### Loading

The archive provided is a .rar file with a .arff inside.  Before anything, we must load this information and transform it to a Pandas DataFrame object.

In [70]:
import pandas as pd
import numpy as np
import os

root_dir = os.getcwd()

In [71]:
# NOTE: ONLY RUN THIS ONCE

#import patoolib

#   decompress Chronic_Kidney_Disease.rar
#patoolib.extract_archive("Chronic_Kidney_Disease.rar", outdir=root_dir)

#   move Chronic_Kidney_Disease.arff to root directory
#os.rename(os.path.join(root_dir, "Chronic_Kidney_Disease", "chronic_kidney_disease_full.arff"), os.path.join(root_dir, "Chronic_Kidney_Disease.arff"))

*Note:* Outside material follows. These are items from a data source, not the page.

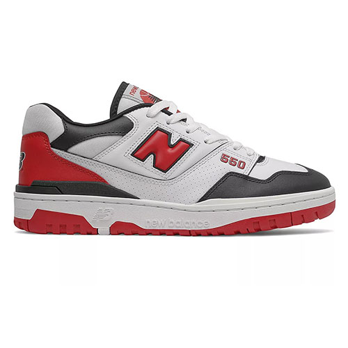 The New Balance BB550 was released in three colourways and here we have the white/red. This pair features crisp white leather uppers paired up with synthetic heel collars and comes balanced out with solid black. Also, can be seen are accents that tumble onto the moulds towards the lower heel, leather overlays that dress up the toe box the trim around the throat and the overlays that sit closest to the ankle. The bursts of titular hues show face on the “N” logos, tongue branding, heel overlays, “550” forefoot notations and outsoles.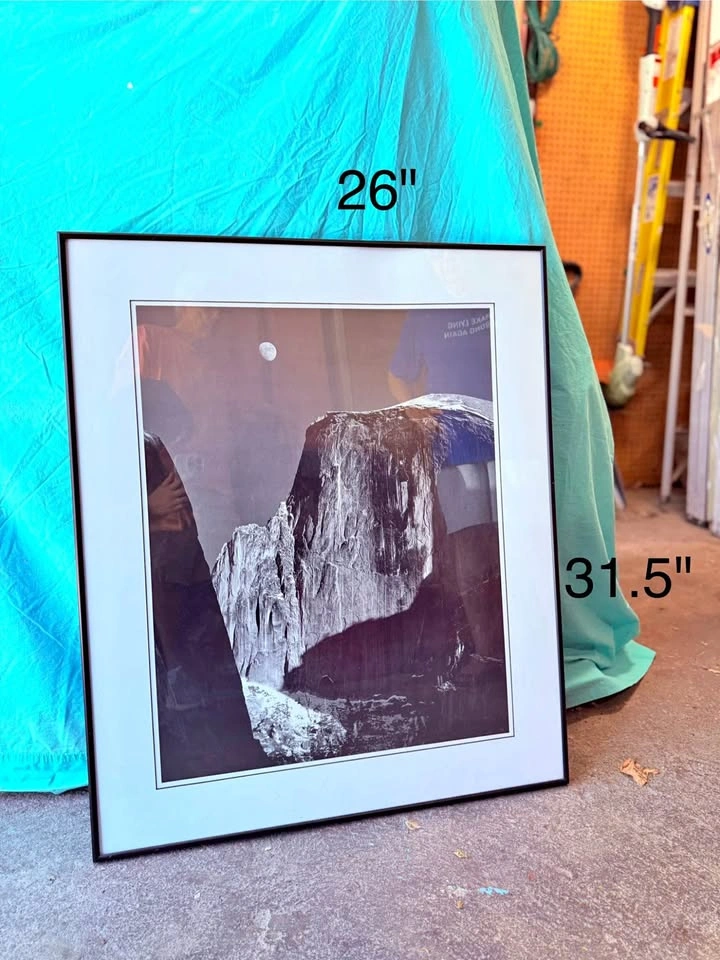 Perfect condition Ansel Adam's "Moon Over Half Dome" framed art print. Measures 26" x 31.5". Pick up only.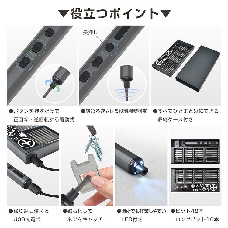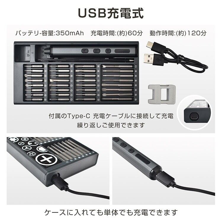 電動ドライバー USB 充電式 精密機器 修理 電動工具 電動ドリルドライバーセット コードレス DIY 工具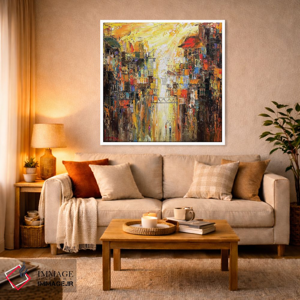 براساس پالت گرم اثر، قاب تیک گرم (چوبی) پیشنهاد اول است و مشکی مات (فریم متوسط) مکمل. برای سفارشهای پروژهای با ابعاد و قابهای اختصاصی با ایماژ در تماس باشید.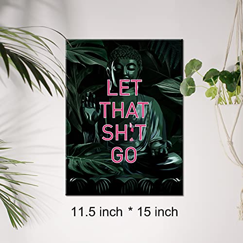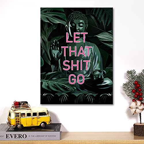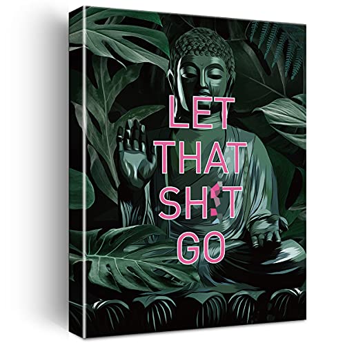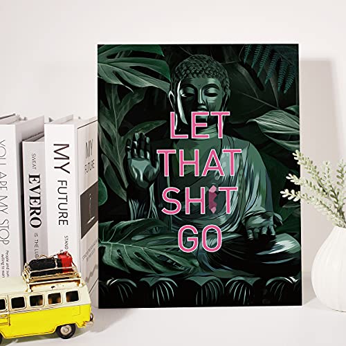 JerLoe - لوحة فنية جدارية قماشية مطبوعة بعبارة "Let That Go" بتصميم بوذا روحي تحفيزي لليوجا، لوحة قماشية مطبوعة بشكل إيجابي للمكتب والمنزل، ببرواز من جيروي، مقاس 30 × 38 سم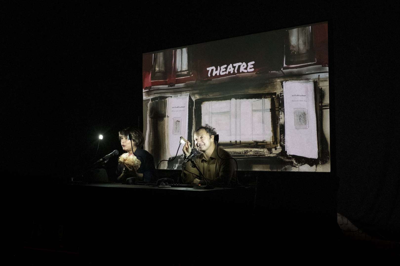 Deux comédiens jouent tous les personnages de ce polar. Polyvalents et inventifs, ils s’amusent avec les codes du théâtre et du cinéma en dévoilant les secrets de manipulation et les coulisses. Le récit se déploie en direct et à vue : on joue à se faire peur.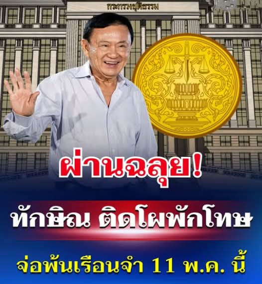 ทั้งนี้ มีรายงานว่า นายทักษิณ มีแนวโน้มได้รับการพักโทษปล่อยตัวออกจากเรือนจำกลางคลองเปรม ในช่วงเช้าวันจันทร์ที่ 11 พฤษภาคม 2569 เพื่อเข้าสู่กระบวนการคุมประพฤติอีก 4 เดือน ก่อนครบกำหนดโทษ 1 ปี และพ้นโทษโดยสมบูรณ์ตามขั้นตอนกฎหมาย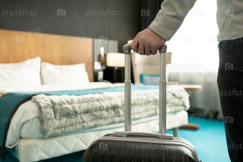 Рука мужского путешественника или бизнесмена в повседневной одежде, держащего ручку своего чемодана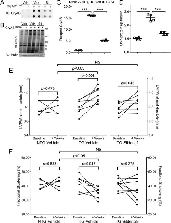 Methods and results: Protein kinase G (PKG) was manipulated genetically and pharmacologically in cultured cardiomyocytes. Activation of PKG increased proteasome peptidase activities, facilitated proteasome-mediated degradation of surrogate (enhanced green fluorescence protein modified by carboxyl fusion of degron CL1) and bona fide (CryAB(R120G)) misfolded proteins, and attenuated CryAB(R120G) overexpression-induced accumulation of ubiquitinated proteins and cellular injury. PKG inhibition elicited the opposite responses. Differences in the abundance of the key 26S proteasome subunits Rpt6 and β5 between the PKG-manipulated and control groups were not statistically significant, but the isoelectric points were shifted by PKG activation. In transgenic mice expressing a surrogate substrate (GFPdgn), PKG activation by sildenafil increased myocardial proteasome activities and significantly decreased myocardial GFPdgn protein levels. Sildenafil treatment significantly increased myocardial PKG activity and significantly reduced myocardial accumulation of CryAB(R120G), ubiquitin conjugates, and aberrant protein aggregates in mice with CryAB(R120G)-based desmin-related cardiomyopathy. No discernible effect on bona fide native substrates of the ubiquitin-proteasome system was observed from PKG manipulation in vitro or in vivo.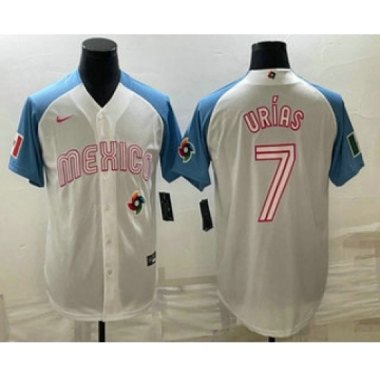 Men's Mexico Baseball #7 Julio Urias 2023 White Blue World Classic Stitched Jersey6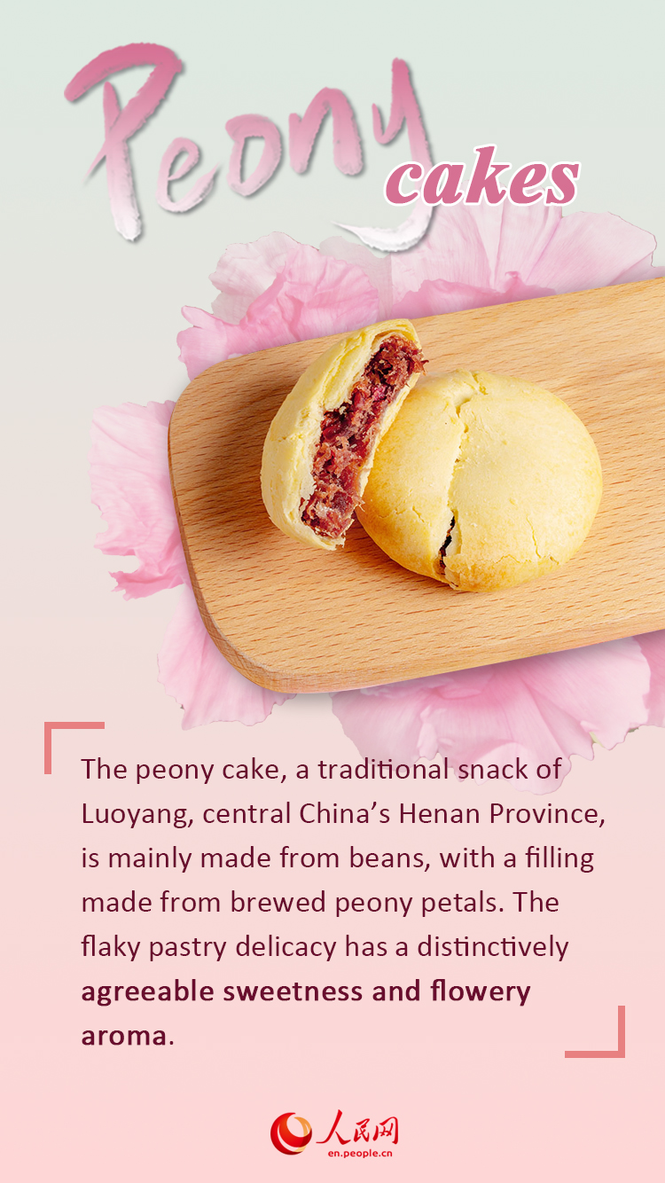 The peony cake, a traditional snack of Luoyang, central China’s Henan Province, is mainly made from beans, with a filling made from brewed peony petals. The flaky pastry delicacy has a distinctively agreeable sweetness and flowery aroma.

#   convert .arff to .csv with arffToCsv.py
#os.system("python arffToCsv.py")


##### NOTE:

There are stray commas on lines 71, 74, 371.  Likely input errors.
New data should have the correct number of columns.  Fix manually in Excel or a text editor if necessary.

In [72]:
# load Chronic_Kidney_Disease.csv to pandas dataframe
df = pd.read_csv("Chronic_Kidney_Disease.csv")

# count number of '?' in each column
print(df.isin(['?']).sum())

'age'        9
'bp'        12
'sg'        47
'al'        46
'su'        49
'rbc'      152
'pc'        65
'pcc'        4
'ba'         4
'bgr'       44
'bu'        19
'sc'        17
'sod'       87
'pot'       88
'hemo'      52
'pcv'       70
'wbcc'     105
'rbcc'     130
'htn'        2
'dm'         2
'cad'        2
'appet'      1
'pe'         1
'ane'        1
'class'      0
dtype: int64


### Munging

Now that we have loaded the data, we must clean the data for null values and make sure all of the data types make sense.  It may be helpful to scale some of the numerical values.

In [73]:
# display first 5 rows of dataframe
df.head()

Unnamed: 0,'age','bp','sg','al','su','rbc','pc','pcc','ba','bgr',...,'pcv','wbcc','rbcc','htn','dm','cad','appet','pe','ane','class'
0,48,80,1.02,1,0,?,normal,notpresent,notpresent,121,...,44,7800,5.2,yes,yes,no,good,no,no,ckd
1,7,50,1.02,4,0,?,normal,notpresent,notpresent,?,...,38,6000,?,no,no,no,good,no,no,ckd
2,62,80,1.01,2,3,normal,normal,notpresent,notpresent,423,...,31,7500,?,no,yes,no,poor,no,yes,ckd
3,48,70,1.005,4,0,normal,abnormal,present,notpresent,117,...,32,6700,3.9,yes,no,no,poor,yes,yes,ckd
4,51,80,1.01,2,0,normal,normal,notpresent,notpresent,106,...,35,7300,4.6,no,no,no,good,no,no,ckd


Here we can see that there are three data columns which are registered '?' for over a quarter of the data set.  If we remove all observations with null values at this stage, we will lose a huge portion of available information.  A later study may include a regression model based on the other columns to fill the missing data, but for practical constraints we have to delete the columns with the most missing information.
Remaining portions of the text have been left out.